• _Instructions for the task_
Transcribe everything in the listing as written, and let no image into the copy.

• _Collected data_
·····

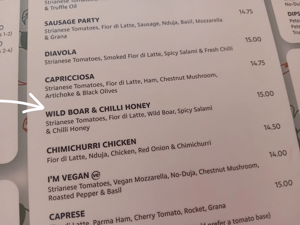 (https://brunch.co.kr/@8df7531fef574a5/254). 야생 멧돼지와 매운 꿀 wild boar & chilli honey피자라니 너무 신기하잖아, 하면서 시켰다.
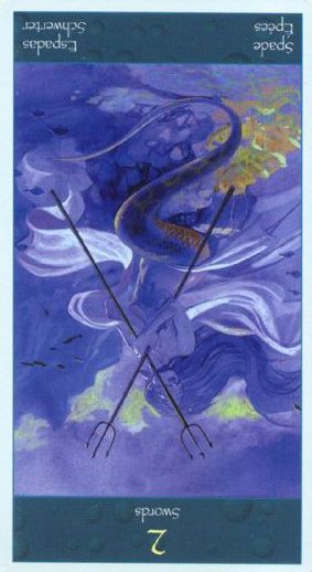 The 2 is an assignment number in tarot, and in this case of the 2 of Swords, it's about being forced to wait for something, often even while blindfolded in some sense.
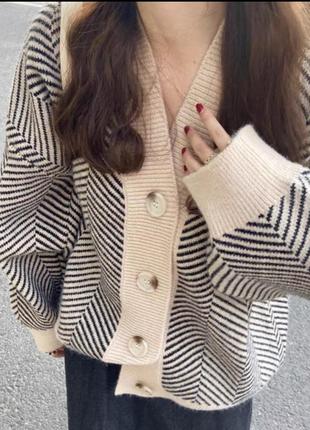 Теплий кардиган білого кольору в принт. З V-образним вирізом, не колючий. Прекрасний додатковий шар у холодну погоду і акцентна деталь у образах

·····

• _Answer_
 (https://brunch.co.kr/@8df7531fef574a5/254). 야생 멧돼지와 매운 꿀 wild boar & chilli honey피자라니 너무 신기하잖아, 하면서 시켰다.
 The 2 is an assignment number in tarot, and in this case of the 2 of Swords, it's about being forced to wait for something, often even while blindfolded in some sense.
 Теплий кардиган білого кольору в принт. З V-образним вирізом, не колючий. Прекрасний додатковий шар у холодну погоду і акцентна деталь у образах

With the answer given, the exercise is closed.